Broader Mitochondrial-Derived Peptide Context: The K14Q analysis parallels work on humanin variants (e.g., HNS14G) and SHLPs, supporting an emerging framework in which sequence polymorphisms in mitochondrial-derived peptides modulate metabolic resilience and aging trajectories. These studies collectively validate MOTS-c as a physiologically active peptide hormone rather than a translational artifact.
Research Use Only: This summary is provided for scientific reference and does not constitute medical advice or recommendation for human use.
Reference: Fuku N, Pareja-Galeano H, Zempo H, et al. The mitochondrial-derived peptide MOTS-c: a player in exceptional longevity? Aging Cell. 2015;14(6):921-923. PMID: 26289118.
[1] Fuku N, Pareja-Galeano H, Zempo H, et al. The mitochondrial-derived peptide MOTS-c: a player in exceptional longevity? Aging Cell. 2015;14(6):921-923. PubMed ↗
MOTS-c and Skeletal Muscle Metabolic Homeostasis
The landmark 2015 paper by Lee et al. in Cell Metabolism established MOTS-c as the first mitochondrial-derived peptide (MDP) with systemic metabolic regulatory function.
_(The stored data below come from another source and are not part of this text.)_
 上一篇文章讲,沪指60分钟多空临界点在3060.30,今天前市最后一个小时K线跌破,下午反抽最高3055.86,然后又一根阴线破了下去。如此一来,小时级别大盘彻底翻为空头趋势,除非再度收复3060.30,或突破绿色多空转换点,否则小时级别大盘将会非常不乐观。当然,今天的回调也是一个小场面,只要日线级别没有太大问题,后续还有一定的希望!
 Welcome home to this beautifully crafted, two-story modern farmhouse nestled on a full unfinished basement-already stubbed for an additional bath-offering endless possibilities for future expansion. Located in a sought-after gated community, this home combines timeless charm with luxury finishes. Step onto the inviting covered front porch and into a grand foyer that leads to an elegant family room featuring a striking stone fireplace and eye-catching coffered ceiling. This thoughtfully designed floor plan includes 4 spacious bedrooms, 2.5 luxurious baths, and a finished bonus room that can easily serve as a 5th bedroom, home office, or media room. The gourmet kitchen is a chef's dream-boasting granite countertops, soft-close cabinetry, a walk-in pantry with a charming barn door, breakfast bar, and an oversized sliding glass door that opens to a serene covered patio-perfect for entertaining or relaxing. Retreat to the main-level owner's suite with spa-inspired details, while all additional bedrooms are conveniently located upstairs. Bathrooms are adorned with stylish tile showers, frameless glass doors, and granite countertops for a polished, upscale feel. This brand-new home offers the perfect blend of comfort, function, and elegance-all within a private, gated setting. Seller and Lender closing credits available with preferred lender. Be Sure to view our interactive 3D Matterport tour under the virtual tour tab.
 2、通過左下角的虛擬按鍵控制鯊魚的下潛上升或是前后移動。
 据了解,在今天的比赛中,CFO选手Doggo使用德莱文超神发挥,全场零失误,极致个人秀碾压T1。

The investigators identified a short open reading frame (sORF) within the mitochondrial 12S rRNA gene (MT-RNR1) encoding a 16-amino-acid peptide and characterized its biological activity in cell culture, rodent models, and human plasma.
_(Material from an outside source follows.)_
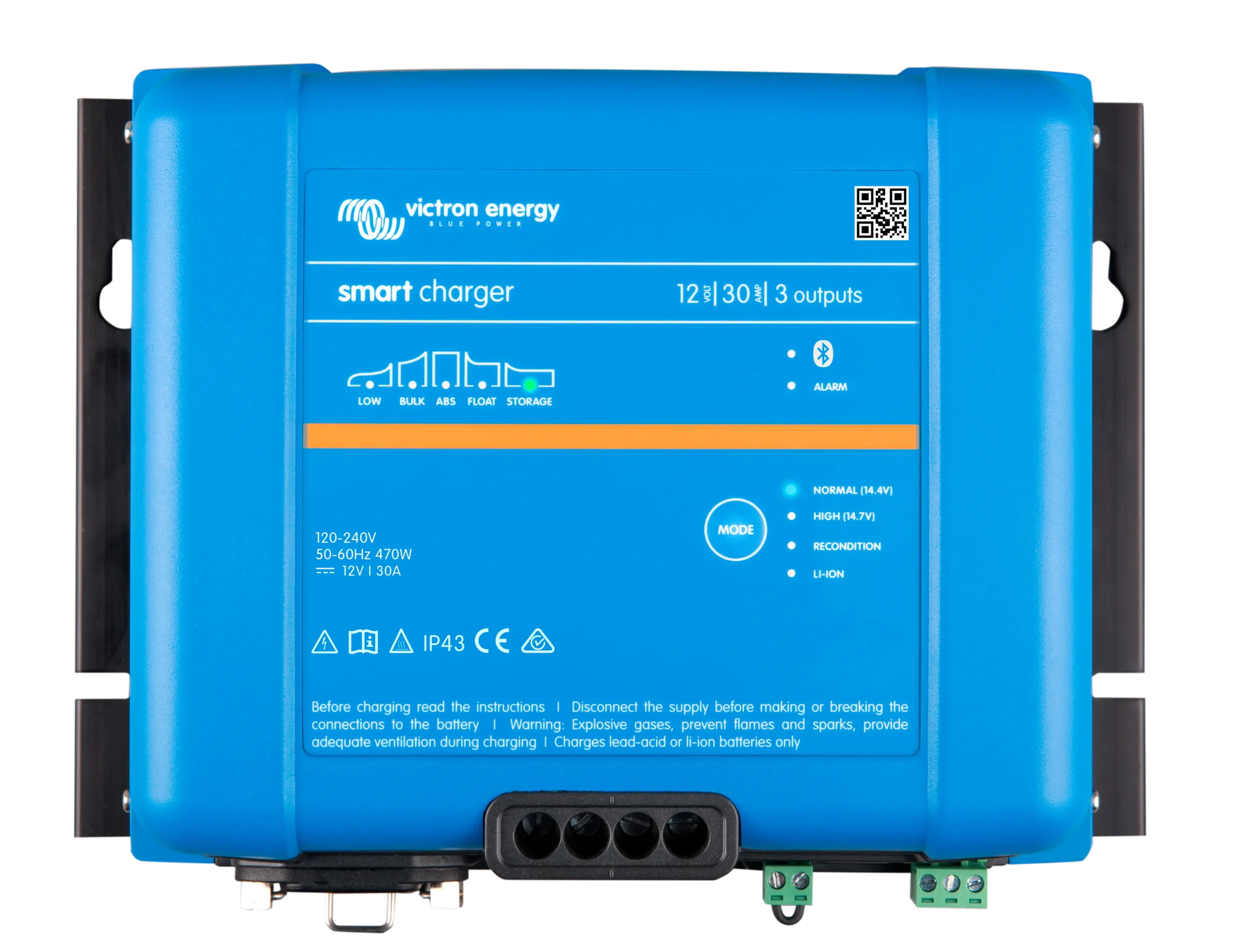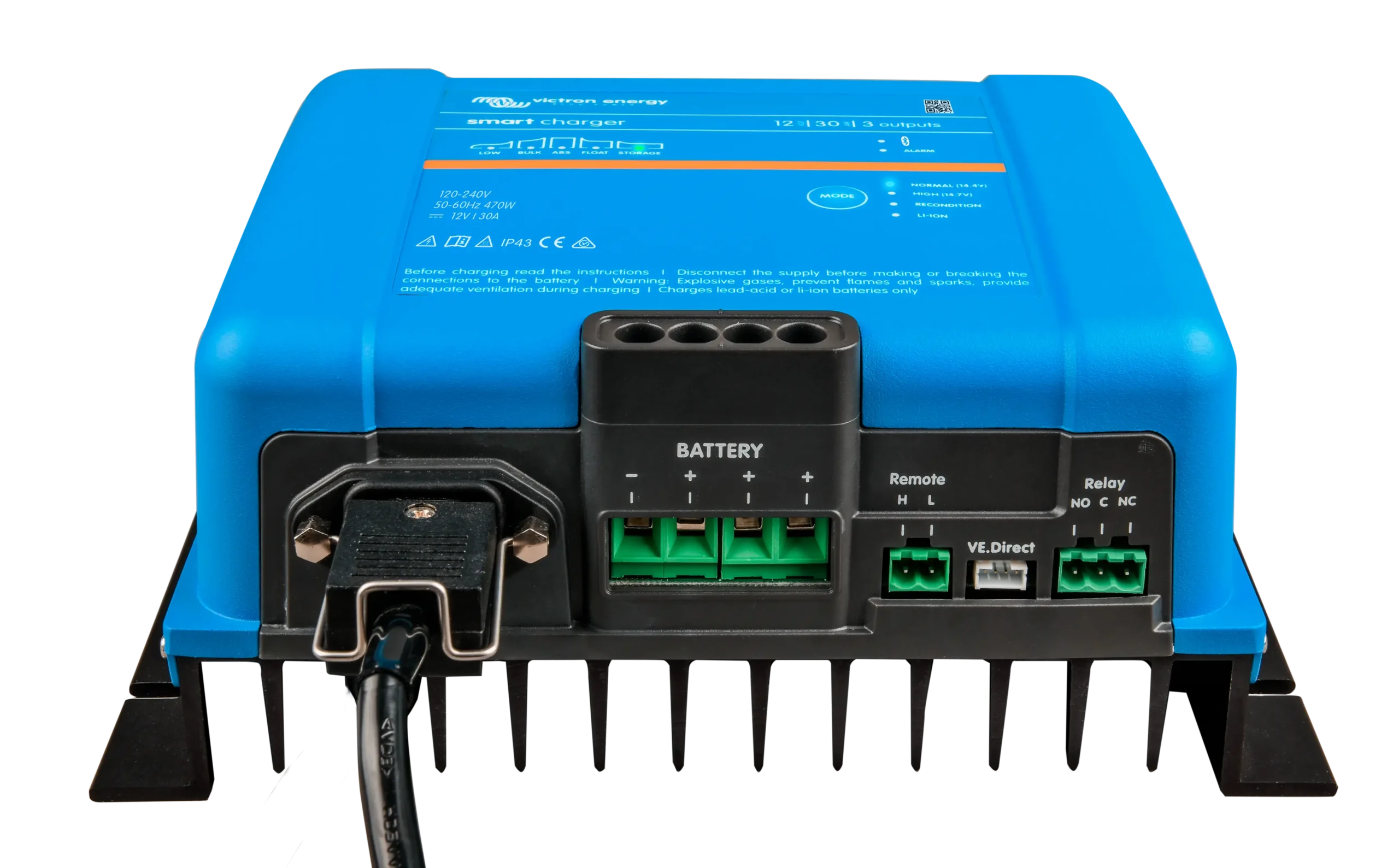 El Victron Phoenix Smart IP43 12/30 (3) 120-240 V es un cargador inteligente de 12V y 30 A con tres salidas, Bluetooth integrado y comunicación VE.Direct. Está pensado para cargar hasta tres bancadas de baterías con gestión avanzada, alta eficiencia y control inalámbrico.

Study design: C57BL/6 mice were administered MOTS-c (5 mg/kg/day, intraperitoneal) for 7-14 days while fed either standard chow or a high-fat diet (60% kcal from fat). Insulin sensitivity was assessed by glucose tolerance test (GTT) and hyperinsulinemic-euglycemic clamp. Parallel experiments used L6 myotubes and primary myocytes to dissect signaling.
Key findings:
- AMPK activation: MOTS-c increased phospho-AMPKα (Thr172) approximately 2-fold in skeletal muscle within 30 minutes of administration.
- Glucose disposal: Insulin-stimulated glucose uptake in skeletal muscle increased by ~60% in MOTS-c-treated mice on high-fat diet.
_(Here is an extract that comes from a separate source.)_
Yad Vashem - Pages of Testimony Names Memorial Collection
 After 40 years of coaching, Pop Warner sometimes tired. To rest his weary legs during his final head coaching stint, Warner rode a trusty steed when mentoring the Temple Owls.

- Diet-induced obesity reversal: MOTS-c administration prevented high-fat-diet-induced weight gain and reversed established insulin resistance, reducing fasting glucose and HOMA-IR.
- Folate cycle modulation: Metabolomic profiling revealed MOTS-c targets the folate-methionine cycle, accumulating AICAR endogenously and thereby activating AMPK indirectly.
- Endogenous expression: MOTS-c was detectable in mouse plasma, skeletal muscle, and multiple tissues; circulating levels declined with age.
This study provided foundational evidence that the mitochondrial genome encodes bioactive peptides that act in retrograde fashion to coordinate nuclear and cytoplasmic metabolic responses, repositioning mitochondria as endocrine organs in addition to bioenergetic hubs.
[1] Lee C, Zeng J, Drew BG, et al. The mitochondrial-derived peptide MOTS-c promotes metabolic homeostasis and reduces obesity and insulin resistance. Cell Metabolism. 2015;21(3):443-454. PubMed ↗
MOTS-c Translocation to the Nucleus and Stress-Adaptive Gene Regulation
While MOTS-c was initially characterized as a circulating metabolic regulator, work by Kim et al. (2018) in Cell Metabolism revealed a second mechanism: under metabolic stress, MOTS-c translocates from mitochondria to the nucleus, where it directly modulates nuclear gene expression — a rare example of mitochondrial-to-nuclear protein signaling.
Study design: HEK293 cells, mouse embryonic fibroblasts, and skeletal muscle tissue were exposed to glucose restriction, oxidative stress (paraquat, H₂O₂), or metformin. Subcellular fractionation, immunofluorescence, and ChIP-seq were used to track MOTS-c localization and DNA binding.
Key findings:
- Stress-induced nuclear translocation: Within 4-24 hours of metabolic stress, MOTS-c accumulated in the nucleus in an AMPK-dependent manner.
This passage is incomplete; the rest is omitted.